Integrating a batch reactor design equation

| categories: integration | tags: reaction engineering

For a constant volume batch reactor where \(A \rightarrow B\) at a rate of \(-r_A = k C_A^2\), we derive the following design equation for the length of time required to achieve a particular level of conversion :

\(t(X) = \frac{1}{k C_{A0}} \int_{X=0}^X \frac{dX}{(1-X)^2}\)

if \(k = 10^{-3}\) L/mol/s and \(C_{A0}\) = 1 mol/L, estimate the time to achieve 90% conversion.

We could analytically solve the integral and evaluate it, but instead we will numerically evaluate it using scipy.integrate.quad. This function returns two values: the evaluated integral, and an estimate of the absolute error in the answer.

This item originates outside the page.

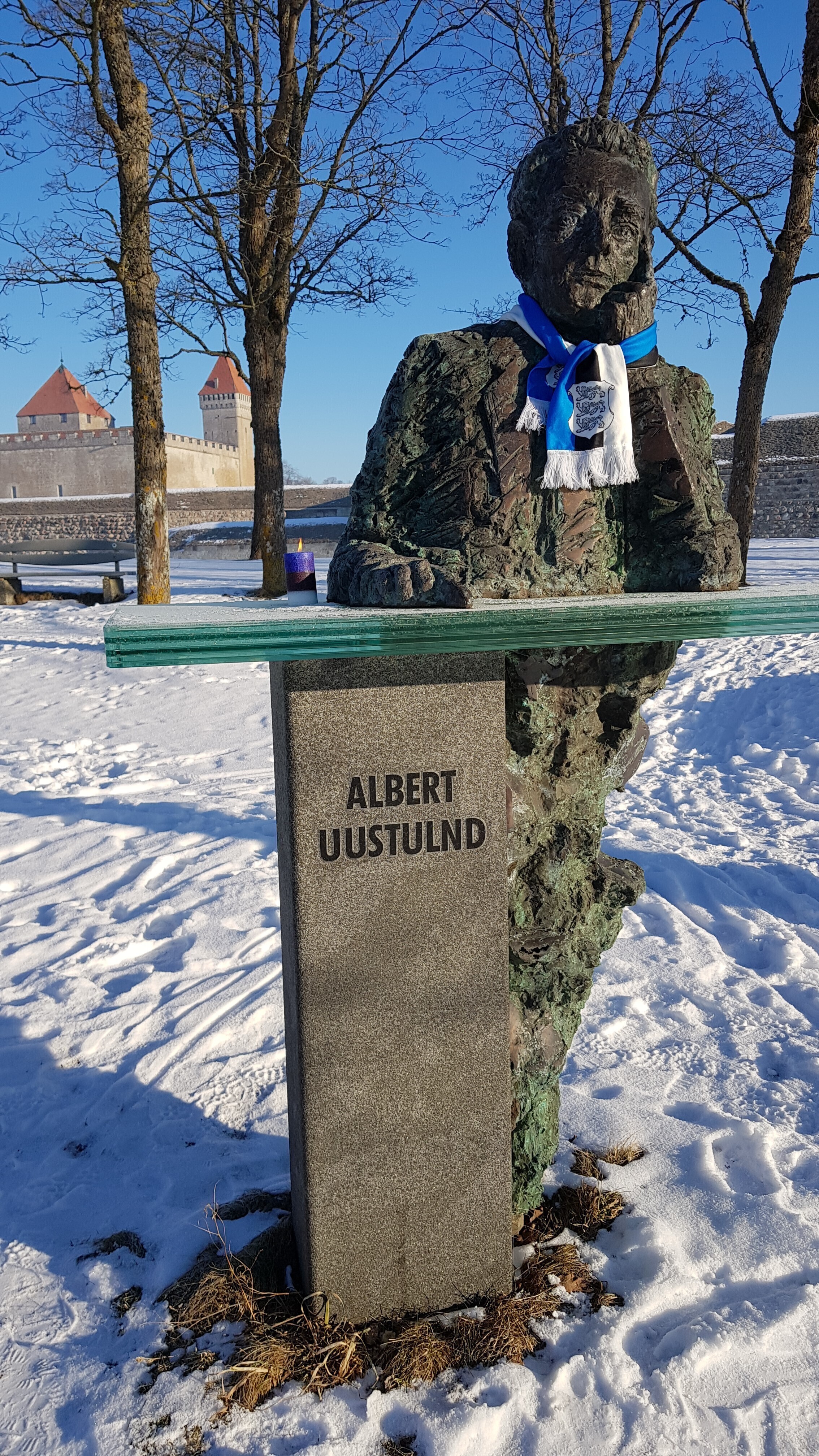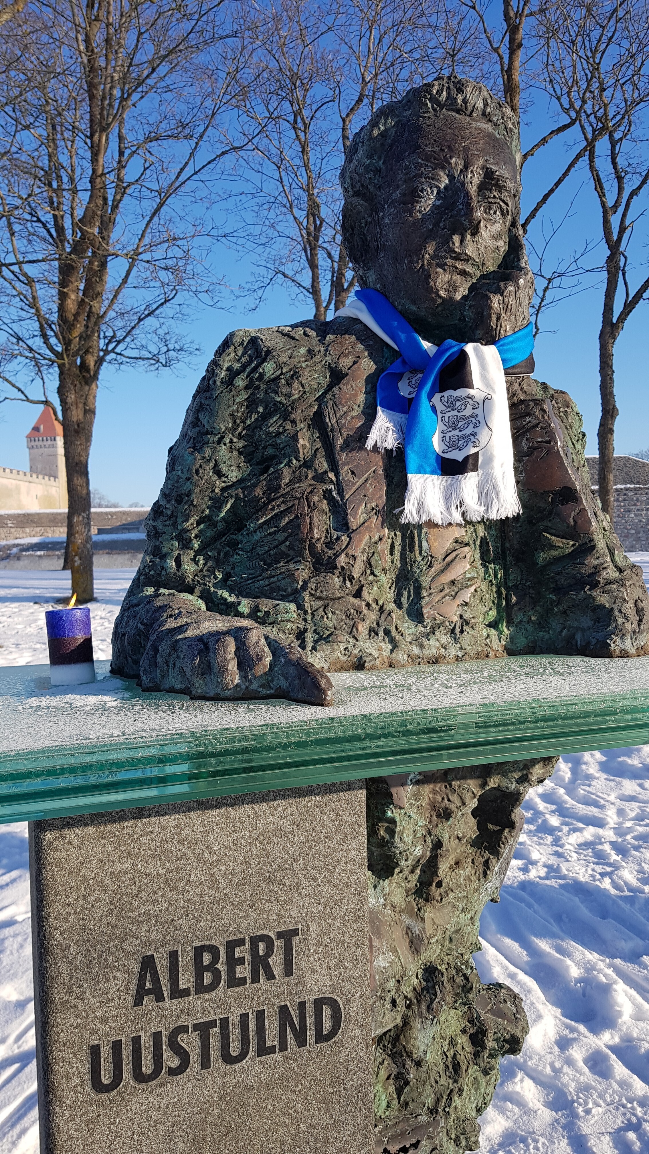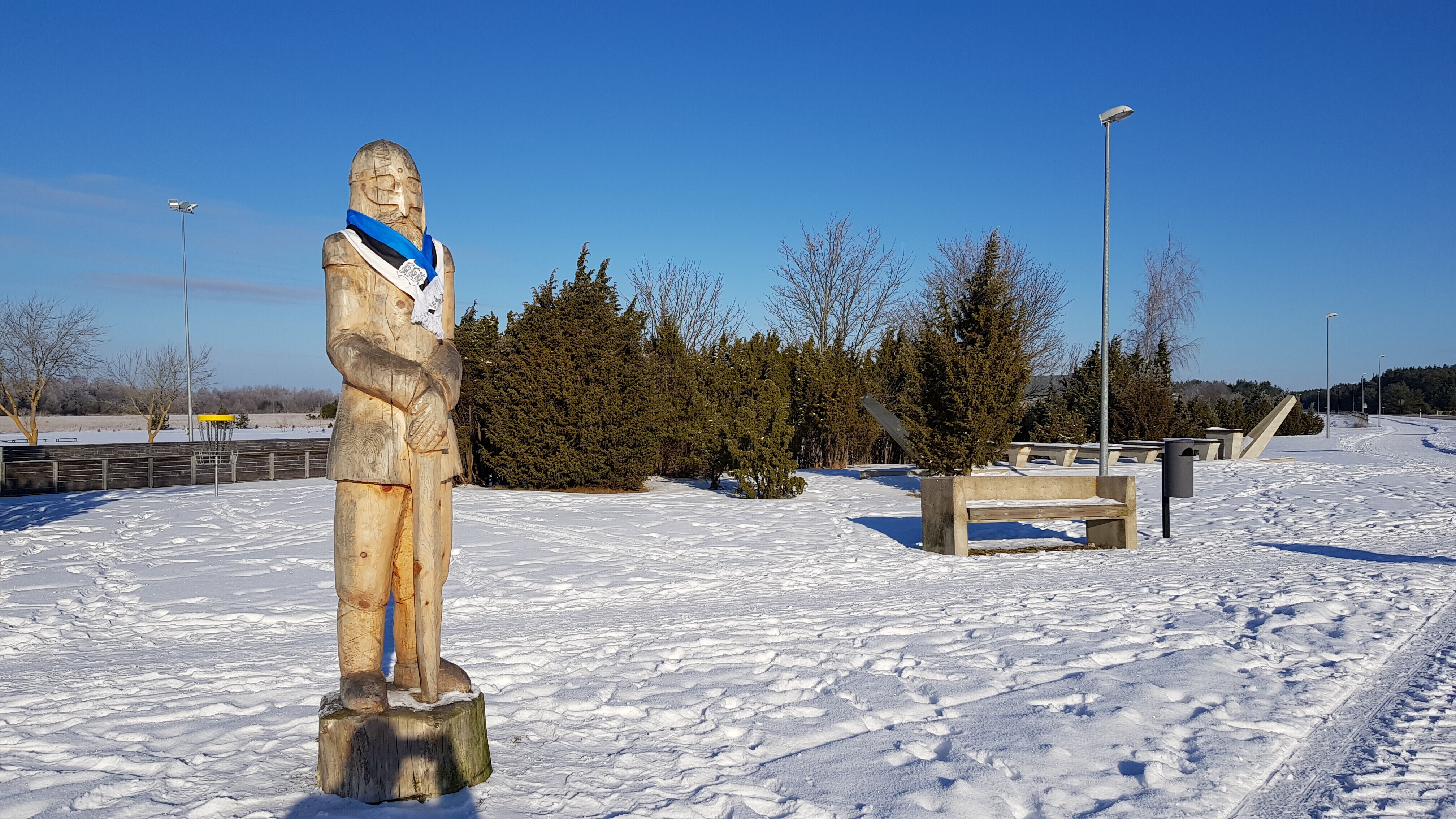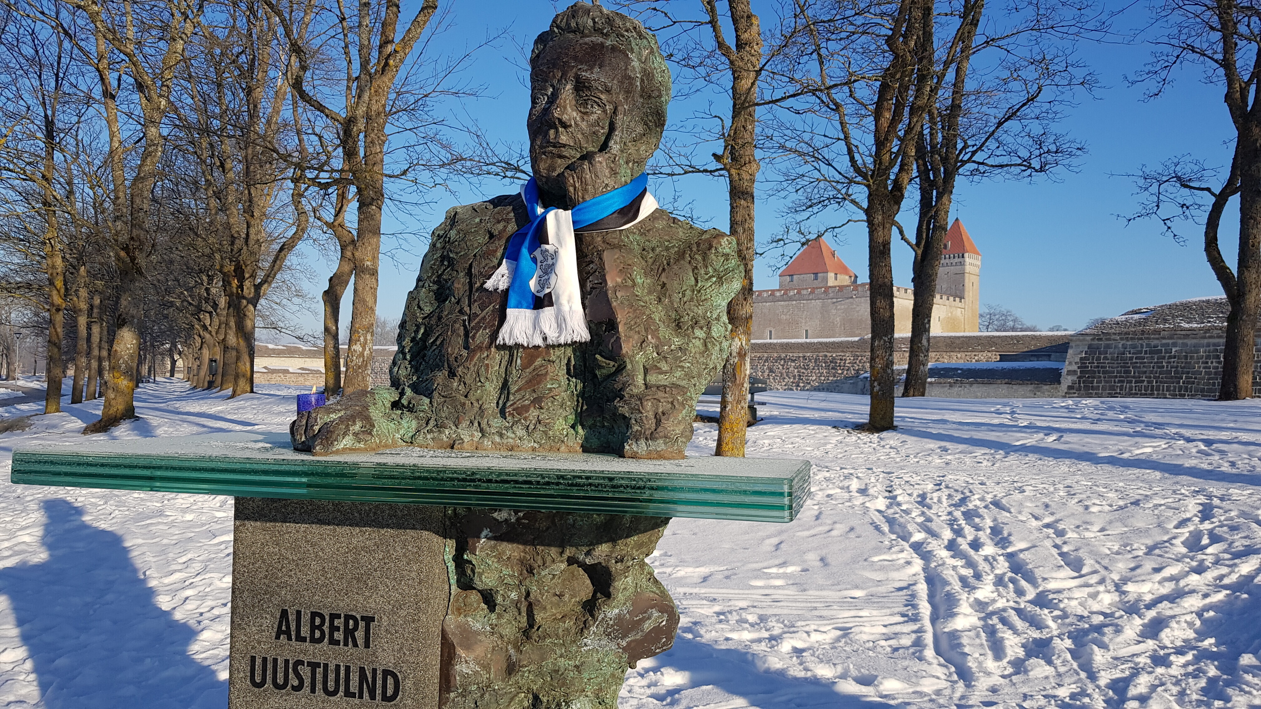 В четверг, 22 февраля, более 20 скульптур по всей Эстонии украсят сине-черно-белыми шарфами в честь 100-летия Эстонской Республики. Смотрите фотографии некоторых из них.

from scipy.integrate import quad

def integrand(X):
    k = 1.0e-3
    Ca0 = 1.0  # mol/L
    return 1./(k*Ca0)*(1./(1-X)**2)

sol, abserr = quad(integrand, 0, 0.9)
print 't = {0} seconds ({1} hours)'.format(sol, sol/3600)
print 'Estimated absolute error = {0}'.format(abserr)
t = 9000.0 seconds (2.5 hours)
Estimated absolute error = 2.12203274482e-07

You can see the estimate error is very small compared to the solution.